We are a country now in the hands of deeply deluded people, people who are living in bubbles, whose minds are addled by chronic cognitive dissonance at best or at worst an addiction to power and wealth. Electing sane people to fix things in Washington isn’t a solution because it’s like sending a sober person to break up a party where everyone is drunk and and oblivious of how they are annoying the neighbors. These drunks have no interest in ending the party or in listening to spoilsports who wants to break it up. The "spoilsport" sees that there’s no point in calling the police, since the mayor and chief of police are among the partygoers--and they're as drunk as everyone else. Even those among the partygoers who are sober enough to recognize that they should tone things down are themselves are powerless to do anything about it--and they really don't want to. They’ll hear you out, make sympathetic noises, and then a minute later they'll return to the party to hang out with the people they really care about.
Have they no shame? Why should they have? Shame requires that there is a code of conduct that you have broken, and that your having broken it exposes you to the negative judgment of the people whose good opinion you value. But the people at the party only care about the good opinion of the other partygoers, and the partygoers who are most outrageous are the ones who are most admired. The partygoers see those who disapprove of them as the "little people", the people who don’t count enough to get an invitation. The little people are just jealous; they would change their scolding tone if they got an invitation to the party.
So there’s nothing to be hoped for until the bubble bursts, the party ends, and people sober up. This moment will come; Reality always asserts itself. That's the good news. But the bad news is that it won’t be pretty. If 2008 wasn’t enough to burst the bubble, sober these people up, and cause them to feel any shame, just think what it will take to do it.
In the meanwhile, those of us who are relatively sober need to start laying the foundation for a sane future. And this requires developing an alternative narrative aligned with Reality that makes both intellectual sense and soul sense. And we are more likely than not to find the bricks with which to build something Real from those elements in our heritage that, even if a little tattered and worse for wear, have withstood the test of time. And so a sane future lies in salvaging or retrieving those elements and using them to build something new.
Retrieval and nostalgia are not the same thing. Nostalgia, the method of the cultural conservative, is impotent and backward looking; retrieval is constructive and forward looking. Retrieval uses the bricks of the forgotten or rejected past to build something new. Nostalgia wants to set up house in an abandoned ruin.
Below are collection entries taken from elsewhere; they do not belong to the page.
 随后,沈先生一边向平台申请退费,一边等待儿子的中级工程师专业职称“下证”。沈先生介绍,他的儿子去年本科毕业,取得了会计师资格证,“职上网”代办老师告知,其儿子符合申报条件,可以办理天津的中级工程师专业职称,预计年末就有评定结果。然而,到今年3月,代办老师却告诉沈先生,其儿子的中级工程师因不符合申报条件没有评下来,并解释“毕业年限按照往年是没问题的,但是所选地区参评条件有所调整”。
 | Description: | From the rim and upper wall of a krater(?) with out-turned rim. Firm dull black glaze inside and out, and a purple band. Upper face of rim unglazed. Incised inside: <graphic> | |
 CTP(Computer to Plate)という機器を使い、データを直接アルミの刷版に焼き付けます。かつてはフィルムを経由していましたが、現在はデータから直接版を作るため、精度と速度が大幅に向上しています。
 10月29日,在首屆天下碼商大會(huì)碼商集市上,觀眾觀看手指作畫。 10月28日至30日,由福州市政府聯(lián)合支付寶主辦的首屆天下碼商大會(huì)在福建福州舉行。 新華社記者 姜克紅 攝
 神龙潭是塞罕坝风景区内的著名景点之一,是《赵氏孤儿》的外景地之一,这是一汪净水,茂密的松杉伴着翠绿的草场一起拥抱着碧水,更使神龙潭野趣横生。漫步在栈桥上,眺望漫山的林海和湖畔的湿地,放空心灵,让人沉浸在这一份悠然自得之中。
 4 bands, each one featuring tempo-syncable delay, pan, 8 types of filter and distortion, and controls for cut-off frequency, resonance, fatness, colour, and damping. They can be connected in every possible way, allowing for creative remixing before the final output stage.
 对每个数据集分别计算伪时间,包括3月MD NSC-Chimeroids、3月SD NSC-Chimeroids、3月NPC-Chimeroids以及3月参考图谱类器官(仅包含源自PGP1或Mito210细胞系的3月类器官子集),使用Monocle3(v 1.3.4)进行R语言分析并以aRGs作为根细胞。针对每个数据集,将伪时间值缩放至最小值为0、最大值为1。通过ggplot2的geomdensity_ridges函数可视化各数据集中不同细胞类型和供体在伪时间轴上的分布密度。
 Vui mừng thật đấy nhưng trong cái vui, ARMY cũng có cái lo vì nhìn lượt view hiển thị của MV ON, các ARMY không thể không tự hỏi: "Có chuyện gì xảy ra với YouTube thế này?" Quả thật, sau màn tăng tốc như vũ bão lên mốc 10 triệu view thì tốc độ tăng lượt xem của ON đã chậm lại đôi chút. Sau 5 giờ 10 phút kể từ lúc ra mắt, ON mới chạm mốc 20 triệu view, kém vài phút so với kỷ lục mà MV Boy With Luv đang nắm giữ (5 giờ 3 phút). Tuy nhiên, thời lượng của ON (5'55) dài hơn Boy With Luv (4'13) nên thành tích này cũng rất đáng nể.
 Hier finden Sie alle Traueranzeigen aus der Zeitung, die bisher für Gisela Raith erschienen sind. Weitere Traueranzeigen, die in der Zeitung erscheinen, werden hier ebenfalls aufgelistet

This space in its modest way is about thinking about a sane future. As laid out in posts last month, I think that such a future must retrieve aspects of the Christian Humanist tradition that have been forgotten or rejected during the modern era. We are no longer moderns, and we are entering a post-secular age, and that affords both perils and opportunities. While it is simply not possible to maintain an attitude of optimism in the short term, we must start thinking about the post-party aftermath. If sane progressive forces are not in place to clean up the post-party mess, we can be sure regressive authoritarian forces will do it instead.